▶ **Assigned task**
Print the whole listing below exactly, skipping every picture.

Top of Raw data

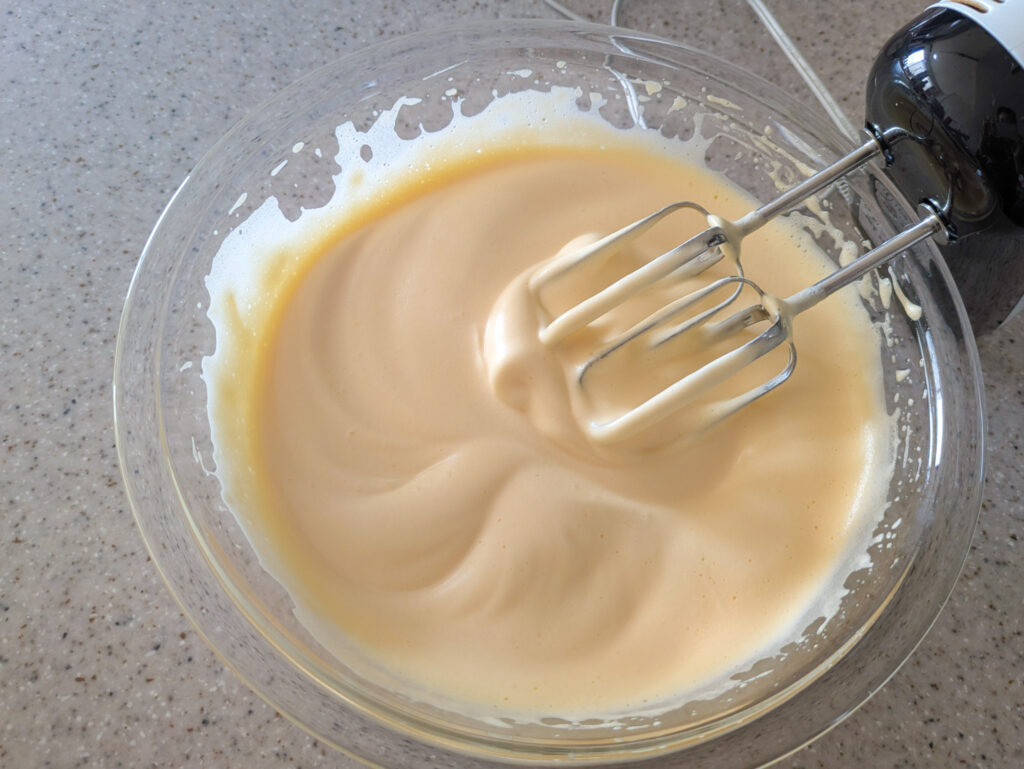 もったりとして、ハンドミキサーの羽からリボン状に流れるくらいになったらストップ
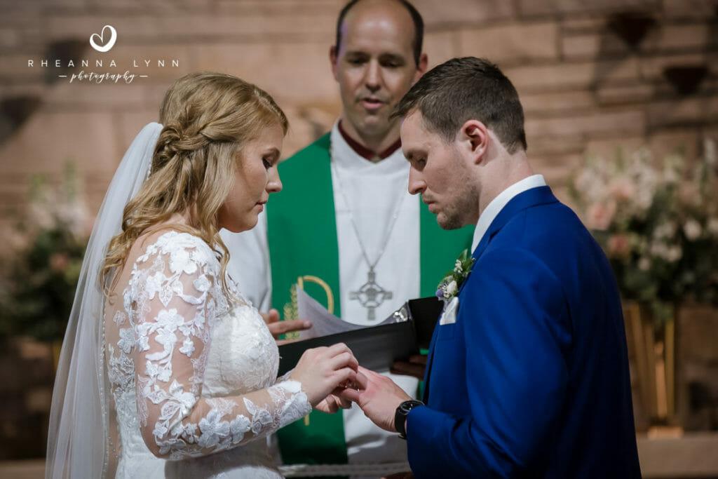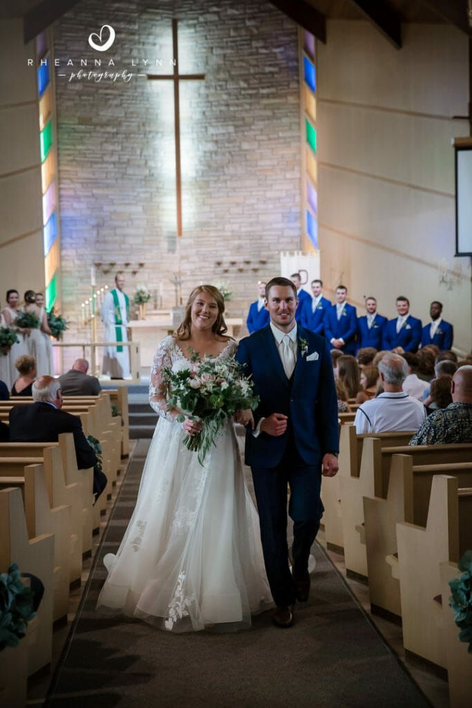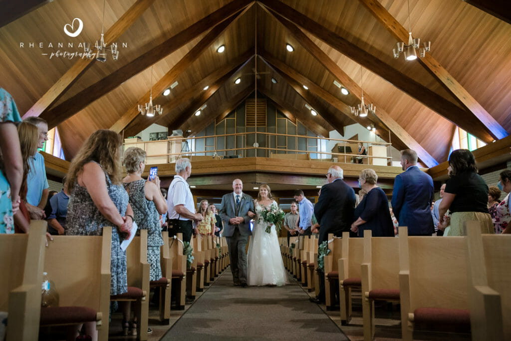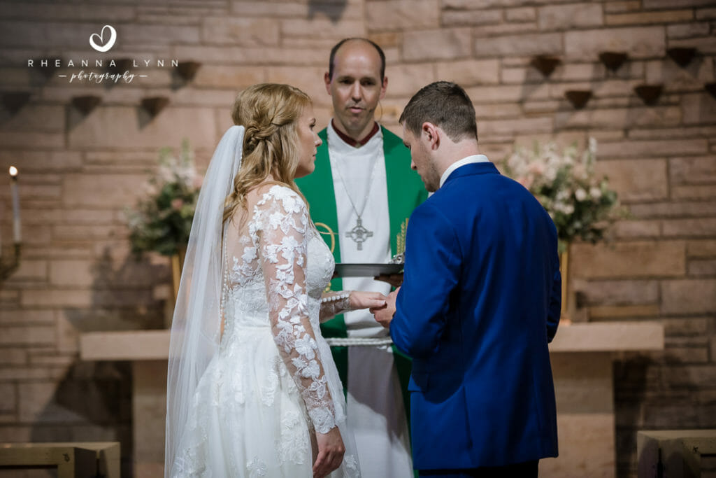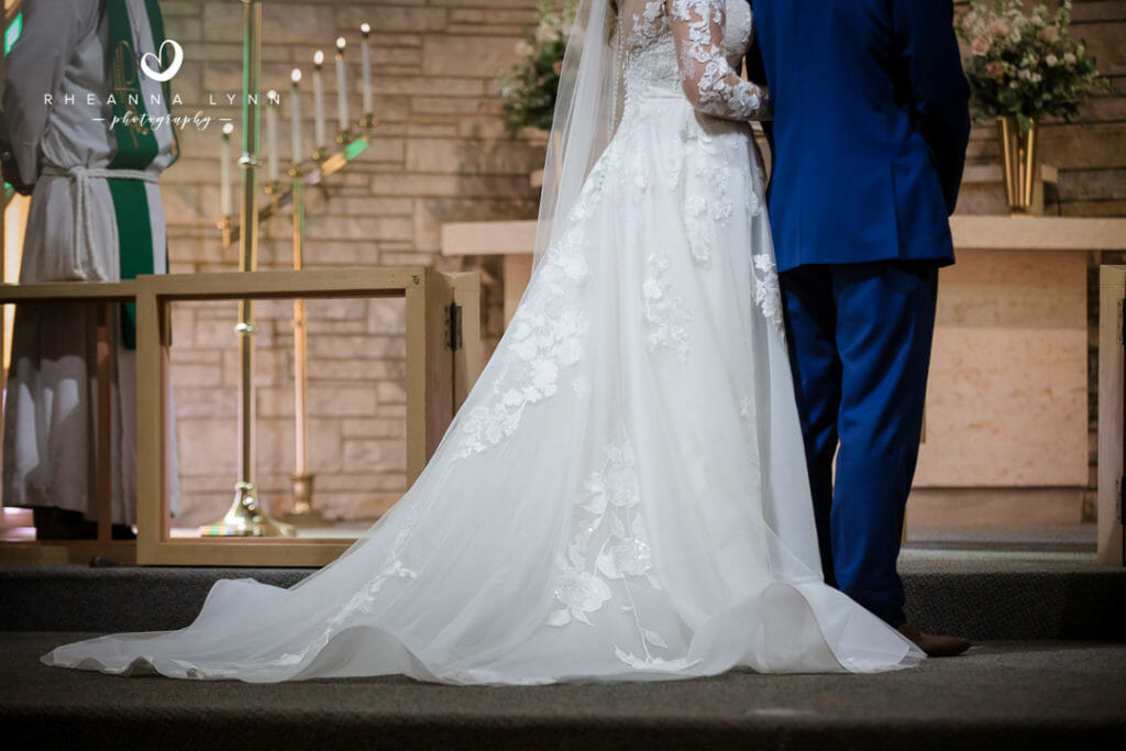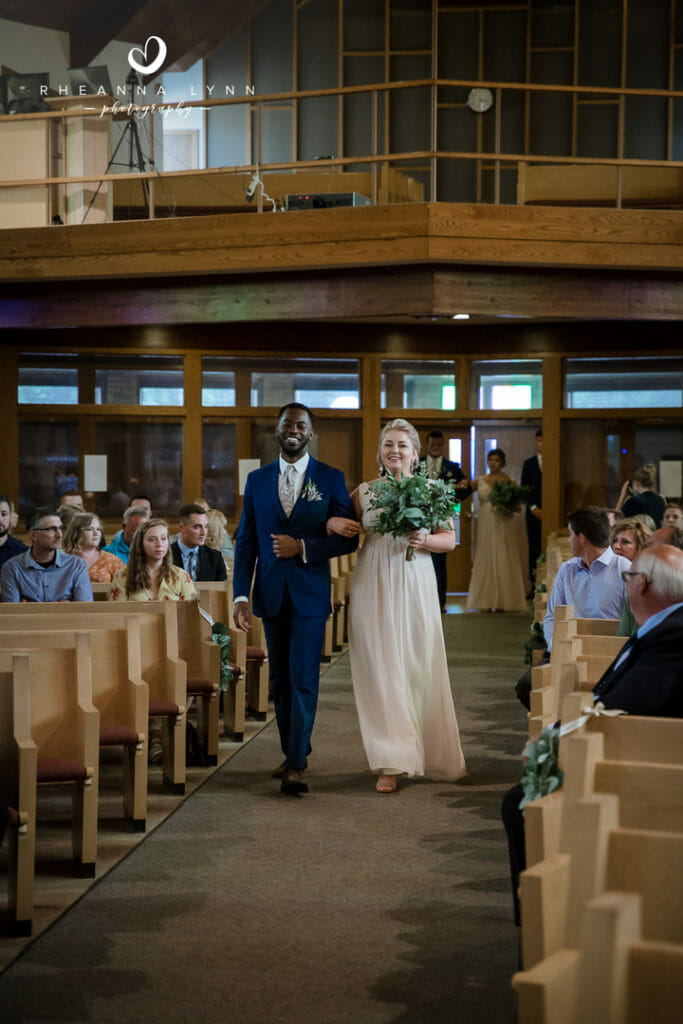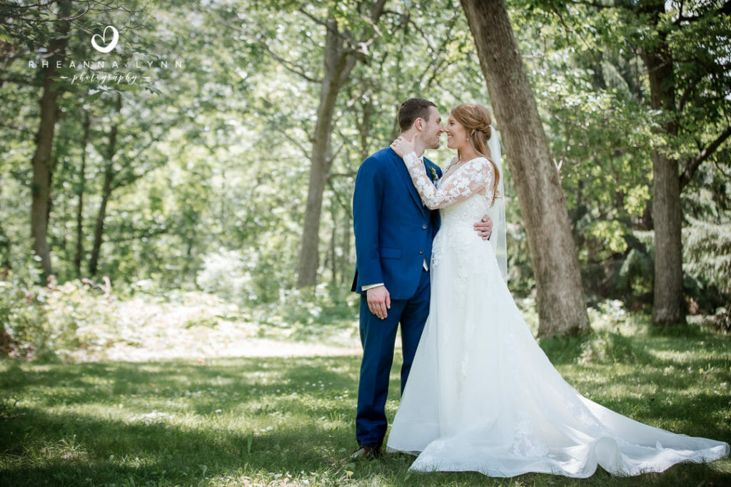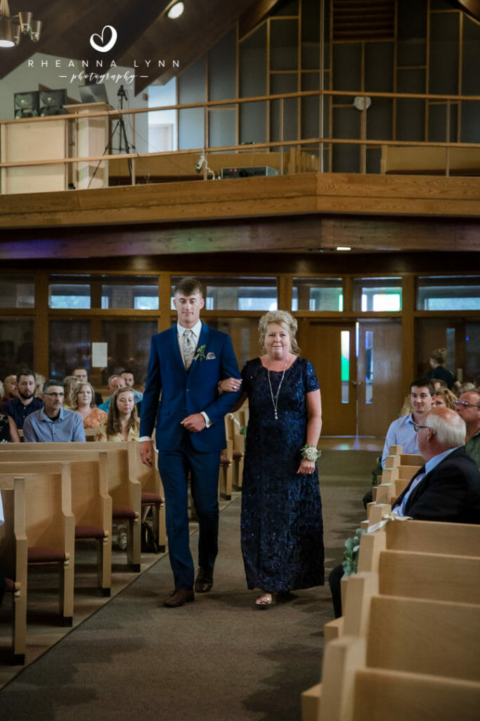 Logan and Karina opted to share an intimate first look before their ceremony. We went out to Lake Emily for a beautiful forested backdrop and pristine lake. They shared a lovely and intimate moment together, a sweet and romantic bridal session, before inviting the bridal party off of the bus for some fun photos. We stopped by the lake for a few quick photos (these are some of my absolute faves- look at Karina in her gown!!!) before heading out over rolling hills and farm fields to their church in Manawa.
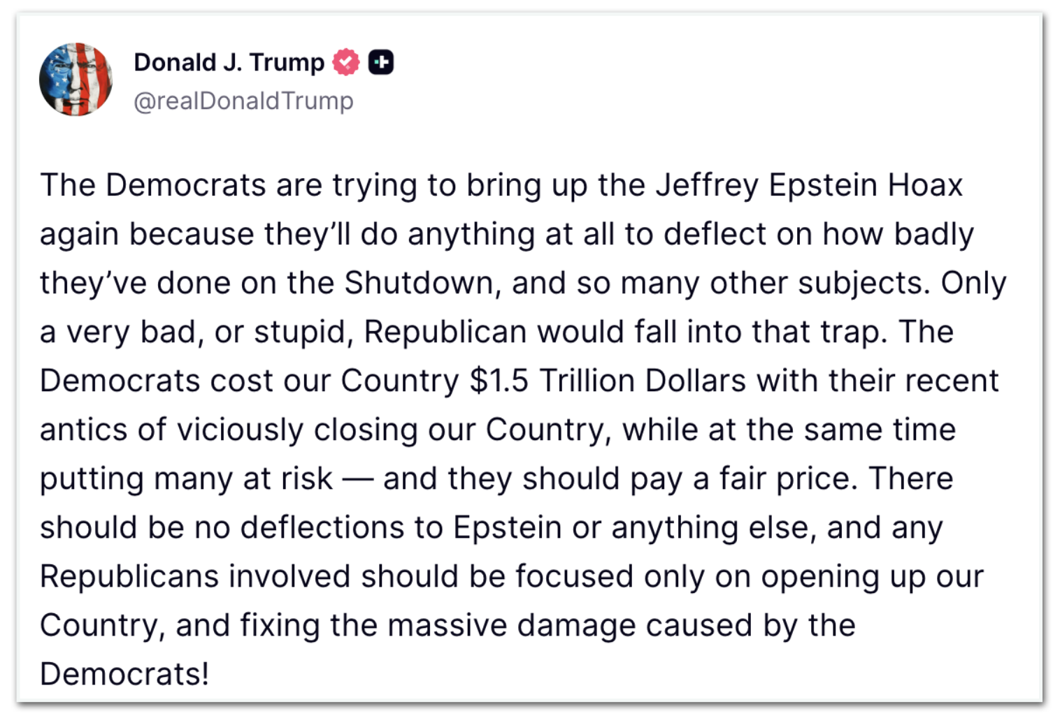 Em publicação na rede Truth Social, Trump afirmou que os democratas traziam à tona a “farsa” de Epstein para desviar a atenção do shutdown do governo norte-americano, encerrado no fim da noite de 4ª feira (12.nov).
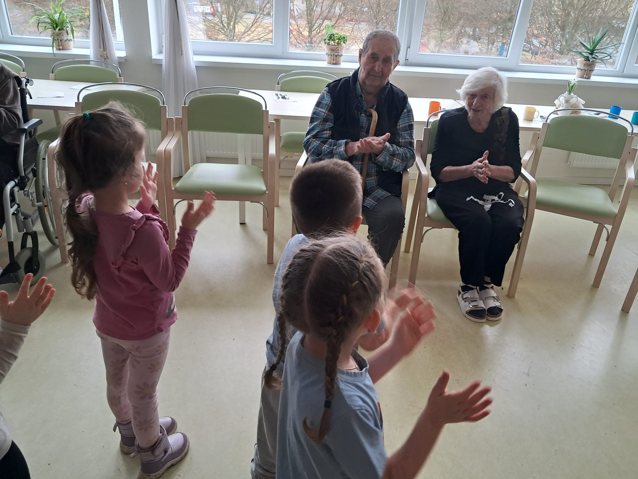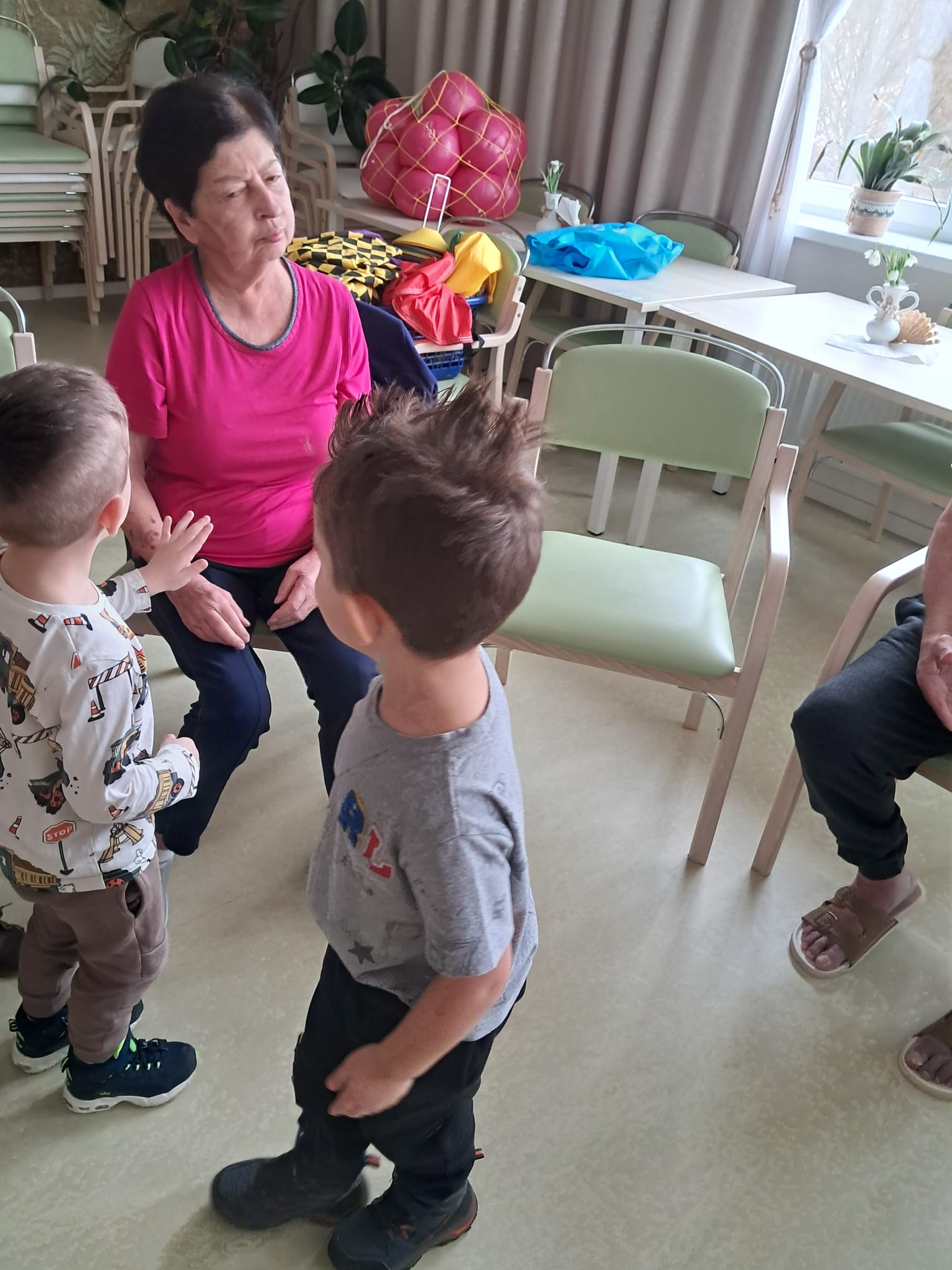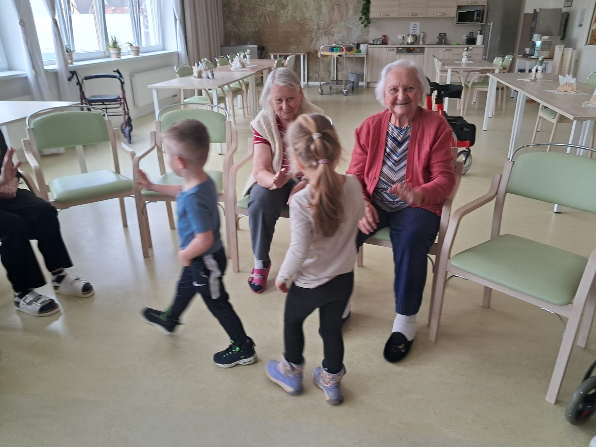 Děti z MŠ Javorová nás opět potěšily milou návštěvou a pro naše klienty uspořádaly sportovní dopoledne plné radosti a pohybu.

Bottom of Raw data

▶ **Exercise output**
 もったりとして、ハンドミキサーの羽からリボン状に流れるくらいになったらストップ
 Logan and Karina opted to share an intimate first look before their ceremony. We went out to Lake Emily for a beautiful forested backdrop and pristine lake. They shared a lovely and intimate moment together, a sweet and romantic bridal session, before inviting the bridal party off of the bus for some fun photos. We stopped by the lake for a few quick photos (these are some of my absolute faves- look at Karina in her gown!!!) before heading out over rolling hills and farm fields to their church in Manawa.
 Em publicação na rede Truth Social, Trump afirmou que os democratas traziam à tona a “farsa” de Epstein para desviar a atenção do shutdown do governo norte-americano, encerrado no fim da noite de 4ª feira (12.nov).
 Děti z MŠ Javorová nás opět potěšily milou návštěvou a pro naše klienty uspořádaly sportovní dopoledne plné radosti a pohybu.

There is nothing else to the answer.